Fill in the blank: “Life is too short to _____.” Now, write a post telling us how you’ve come to that conclusion.
For all I know time can’t be wasted but it can waste you. Time is ouroboros -the Devil, the Satan, the eternal devourer which isn’t eternal in itself. Time exists inside mind. Time is mind. Cosmic mind is cosmic time and individual time is individual mind. The perception of time is created by our minds, that is why it’s so damn boring to wait–time seems to have become too stretched. Then, we have all heard how hours become minutes in company of beloved and how time slows down at the time of death. Certain drugs like marijuana also alter perception of time. Time is dependent on perceptions and it isn’t rigid.
When we look at our own lives we find that there have been certain good moments and certain not-so-good moments but what are we looking at exactly? We are looking at mind-stuff. There is no real past as there is no real future either. There is no real present either. Life can’t be compartmentalized into past, present and future. When mind-stuff isn’t life is! Our memories of previous experiences is determined by so many things. Our perceptions and memories are being colorized and recolorized over and over again infinite number of times without us being aware of them. Factual memory is one thing and emotional memory is another and many times they tell certain distinct tales about what happened. I feel that I remember about certain times and I remarked how pleasant they were but now I think about them and there is something which makes me look miserable over there. I don’t want to revisit those places or memories. It’s not that I want to avoid them or run away from them, I feel they are a waste of energy and don’t matter anymore. They might have been a great deal at that time, perhaps because they gave an experience better than previous ones but now I don’t crave for those experiences and am better off. It’s strange that you don’t want those experiences anymore–about which you spoke so highly before.

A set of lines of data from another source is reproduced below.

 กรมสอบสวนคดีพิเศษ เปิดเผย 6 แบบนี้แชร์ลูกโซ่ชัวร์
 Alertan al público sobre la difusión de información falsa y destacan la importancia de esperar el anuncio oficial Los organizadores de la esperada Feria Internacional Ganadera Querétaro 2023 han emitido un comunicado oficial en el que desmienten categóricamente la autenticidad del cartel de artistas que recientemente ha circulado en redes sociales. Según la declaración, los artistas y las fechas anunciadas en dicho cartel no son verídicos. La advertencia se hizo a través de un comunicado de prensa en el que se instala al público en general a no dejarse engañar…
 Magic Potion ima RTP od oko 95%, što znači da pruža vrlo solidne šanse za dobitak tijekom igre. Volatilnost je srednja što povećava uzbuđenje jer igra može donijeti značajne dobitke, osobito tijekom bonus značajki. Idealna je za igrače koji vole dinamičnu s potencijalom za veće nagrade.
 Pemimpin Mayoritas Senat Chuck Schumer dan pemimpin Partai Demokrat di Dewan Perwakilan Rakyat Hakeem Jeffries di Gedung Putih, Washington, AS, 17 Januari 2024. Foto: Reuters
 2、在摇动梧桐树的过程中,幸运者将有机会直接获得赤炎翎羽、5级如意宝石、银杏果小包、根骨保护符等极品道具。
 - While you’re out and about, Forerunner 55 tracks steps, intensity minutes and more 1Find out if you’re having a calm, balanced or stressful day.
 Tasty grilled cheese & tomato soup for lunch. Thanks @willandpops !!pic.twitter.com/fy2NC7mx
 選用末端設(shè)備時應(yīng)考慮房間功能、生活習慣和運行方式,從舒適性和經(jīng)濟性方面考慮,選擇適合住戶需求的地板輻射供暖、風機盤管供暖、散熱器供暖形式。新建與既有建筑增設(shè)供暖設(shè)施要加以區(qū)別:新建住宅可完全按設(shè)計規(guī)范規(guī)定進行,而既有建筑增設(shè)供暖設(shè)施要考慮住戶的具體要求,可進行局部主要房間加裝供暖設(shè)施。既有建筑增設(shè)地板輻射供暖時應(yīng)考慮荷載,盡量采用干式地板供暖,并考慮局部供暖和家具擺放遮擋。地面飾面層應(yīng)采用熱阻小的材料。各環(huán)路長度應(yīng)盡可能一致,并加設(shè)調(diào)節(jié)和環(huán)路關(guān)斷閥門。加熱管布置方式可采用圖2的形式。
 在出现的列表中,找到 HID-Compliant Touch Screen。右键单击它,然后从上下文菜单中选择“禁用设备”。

I have become happier day by day. I feel this is the best day of my life. I feel time becomes elongated when you struggle and want to be something else than what life allows you to be. Our life situations are unique and yet so similar–we all are striving after this or that, trying to become something else which we are not and this is the cause of conflict, strain and stress and unease. Having firm faith in life means you are at the place where you should have been and anyone who says otherwise is deluded. Acceptance of life as it is might not be easy but it is a great reliever and connects you with life. When I revisit the places in memory, which now seem like dreams or life-stories of someone else, I feel, the things which are termed as ‘struggles’ by most of the people, and which I never felt were struggles, as I was happy at those times too, despite certain strain and unease, now seem even more easier because of the coherence present life situation gives to all events. I feel life is too short to run after ambitions and waste on things which will (supposedly) make you happy in future but actually won’t. Life is too short to complain about your relatives, about your spouse, your boss or social situation. Act you must, to make your life situation better, but with acceptance because you are at the perfect place, because you are here. The place and time you are in, is, because you’re. You are allowing it to be. Your presence is the first and foremost requirement for it all to become possible. The life situation you are in is because life, universe, awareness and you are allowing it to be and they are all your names.